The only person we can actually imagine rocking a monocle would be Scott “The Lord” Disick, and that is only because it would match his cane. While the Times admits, “monocles are hardly everywhere,” they have been seen in Berlin cafes, Manhattan restaurants (which ones exactly?), and in gin ads.
According to the newspaper some sellers have seen monocle sales double and triple, so there is that. Also, Alan Cummings donned one for a magazine cover, visually impaired chefs are wearing them to read recipes, and aspiring Miami rapper Jose Vega models one on his SoundCloud page:
“I got it just to have my own style, bring something new to the table,” Vega told the newspaper. “Also, I’m nearsighted.”
The monocle is the perfect example of fashion meeting function.
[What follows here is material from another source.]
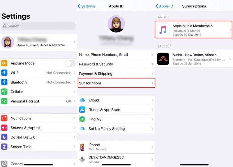 Apple Music şarkılarını çalamamanızın nedeni, satın aldığınız aboneliğin sona ermesi olabilir. Apple Music'in farklı abonelik planları sunduğunu ve planı yenilemek için ne zaman ödeme yapacağınızı bilmeniz gerektiğini unutmayın. Bunu şu şekilde kolayca kontrol edebilirsiniz:

If you still aren’t convinced, consider the fact that the Times managed to find a style soothsayer who confirmed their suspicions:
Martin Raymond, a British trend forecaster, credits the rise to what he calls “the new gents,” a hipster subspecies who have been adding monocles to their bespoke tweed and distressed-boot outfits. On a recent trip to Cape Town, Mr. Raymond said, he saw such a group carrying monocles along with tiny brass telescopes kept in satchels.
We think the world would be a better place if everyone started accessorizing like they were first class passengers on the Titanic, but probably no amount of wishful thinking is going to make that happen.